A young man, Koussaila, recounts the awakening of his unbridled sexuality in the arms of older women. In the closed world of suppressed desire in 1960s Algeria, he goes from the arms of his aunt to the schoolmaster's wife to those of a nun he meets in a cemetery. In a climate of mounting political unrest, Koussaila continues on his chaotic path of desire, self-disgust, women, and sex, attempting in vain to uproot his innermost self, torn between the world of Islam (in the pages of the Koran) and that of "Roumis." One day, however, he will be forced to choose. War, intolerance, and Islamic fanaticism are looming on the horizon.
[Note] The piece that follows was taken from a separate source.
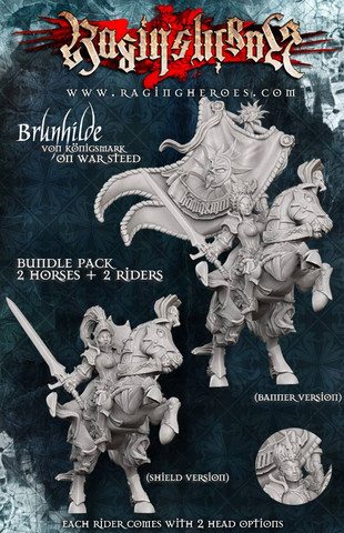 Kit includes 2 horses with riders bearing long sword, one with huge banner and one with shield, with 4 head options:

Today, we see increasing focus on the impact Islamic nations have on the Western world, and the struggle between conservative and nationalist Islamic strands in Eastern countries. This is a novel that challenges established Islamic thought, and its radicalism in descriptions of sexuality across the generations will be of huge interest. Its influence could well be similar to that of The Yacoubian Building by Alaa Al Aswany. This is a beautifully written erotic novel, translated from the French by Frank Wynne, the prize-winning translator of Michel Houellebecq's Atomised and Platform.
Amin Zaoui is a writer and bilingual scholar (Arabic and French). He is currently in charge of the National Library in Algiers, and is the author of five novels that have been translated into a dozen languages, but never before into English.